- Established: 2 March 2006
- Location: Lower Secretariat. Gangtok - 737101, Sikkim, India
- Motto: सूचना जनाधिकार:॥ (Soochna Janadhikaraha) Information is the right of the people. (Sanskrit)
- Authorised by: Right to Information Act, 2005
- Judge term length: 3 years from the date of entering office or up to 65 years of age (whichever is earlier)
- Website: sicsikkim.nic.in

State Chief Information Commissioner
- Currently: Kuber Bhandari

= Sikkim State Information Commission =

Statutory body in Sikkim, India

Sikkim Information Commission is an autonomous and statutory body constituted by the state government of Sikkim through a notification in official Gazette.

== History and objective ==

Sikkim State Information Commission has to be constituted as per The Right to Information Act, 2005 by the State Governments in India through a notification in official Gazette.

Sikkim State Information Commission is formed to take up the following:

- Appeals on the information shared by various government entities under the Right To Information Act.
- Complaints on refusal to give information or in relation to inability to file Right To Information Act.
- Commission should get annual report from various departments working in the state about complaints received under Right to Information Act, 2005 and their responses on the same.

Sikkim Information Commission occasionally conducts awareness programmes on implementation of the Right to Information (RTI) Act' 2005 effectively by general public.

MB Gurung is the current Chief Information commissioner of Sikkim Information Commission.

== Tenure and service ==

Any vacancy in the State Information Commission has to be filled within six months from the date of vacancy.

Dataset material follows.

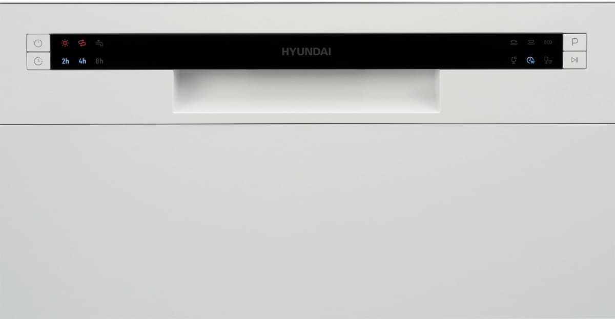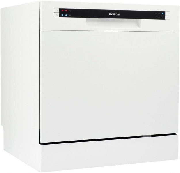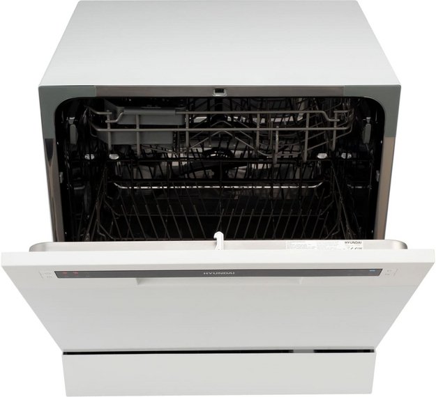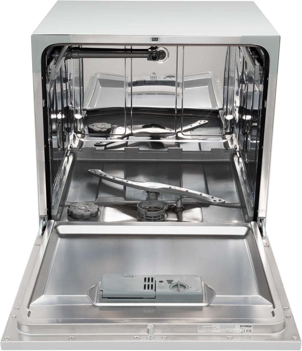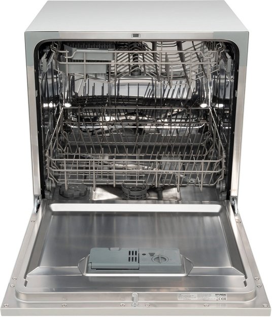 Отдельностоящая модель Хендай отлично впишется в кухонный интерьер, главное — правильно выбрать место, чтобы подвести коммуникации. Компактные размеры позволяют разместить ее даже на очень маленькой кухне. В камеру можно загрузить ограниченное число комплектов: 8 шт. Комплектом считается набор посуды на одного человека, который нужен для полноценного приема пищи: глубокая и плоская тарелки, тарелка для салата, блюдце под чашку, сама чашка, ложка и вилка.

Sikkim Chief Information Commissioner (CIC), Information Commissioner (IC) and State Information Commissioner's salaries, allowances and other service terms and conditions are equivalent to a Judge of the Supreme Court.

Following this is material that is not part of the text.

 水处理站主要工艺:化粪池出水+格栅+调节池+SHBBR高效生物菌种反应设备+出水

== Powers and functions ==

The commission under powers granted to it can secure from the public authorities compliance of any of its decisions.

Commission is duty bound to receive and conduct enquiry into any complaint received from any person.

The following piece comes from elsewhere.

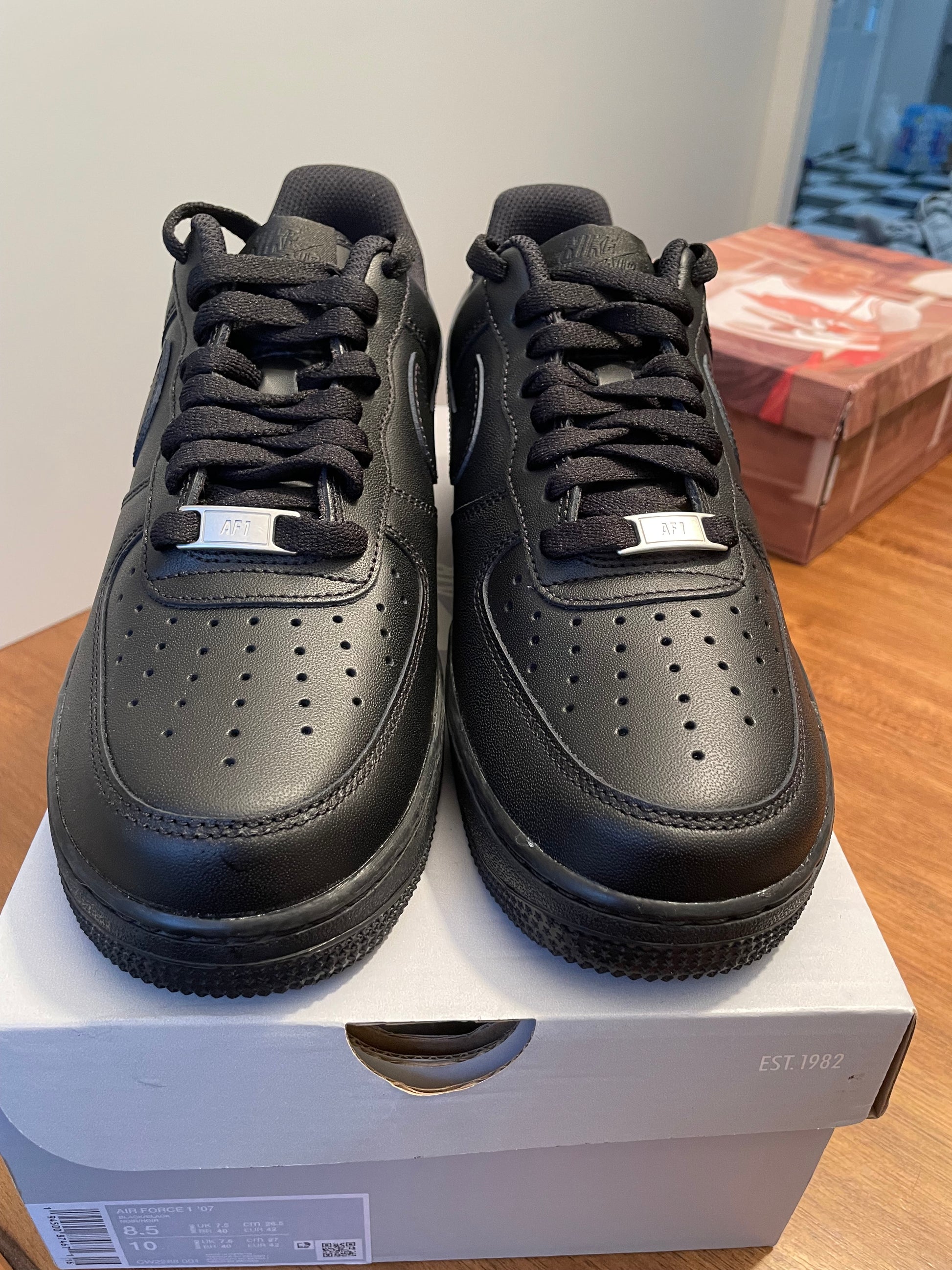 The Nike Air Force 1 Low 07' is a classic and timeless shoe that is both clean and affordable. With its iconic black design, this shoe is perfect for any occasion. As an expert in the industry, we proudly present these shoes to you.The Nike Air Force 1 '07 Low in black is a modern update to the classic 1982 basketball shoe, renowned for its clean lines and versatile design.

The commission has civil judicial authority for issuing summons requiring examination of any witnesses or related documents or any other prescribed matters relating to complaint.

Any provision under which summons were issued and as per which attendance is required of persons and requires them to give written or oral evidence under an oath and producing documents or other details relevant to it.

Provision requiring evidence on stamped affidavit.

Powers relating to request from any court or office of any public record.

Commission under the powers can recommend steps which can be taken for confirming to the provisions of the act if any public authority fails to do so.

== Challenges ==

Sikkim State Information Commission are overburdened with backlog cases, similar to Central Vigilance Commission. A shortage of available staff has produced a backlog of cases filed. Uttar Pradesh has the largest backlog as of October 2014. States like Mizoram, Sikkim and Tripura didn't have pending complaints. State Information Commission as per the provision has limited to provide information and cannot take any action.

In spite of above limitation, Assam State Information Commissions is critical in preserving public accountability in government and supports in greater way in checking corruption, combating oppression, preventing nepotism and misuse of the public authority.

A survey conducted by Commonwealth Human Rights Initiative, showed that most State Information Commission in India were inactive during Covid pandemic.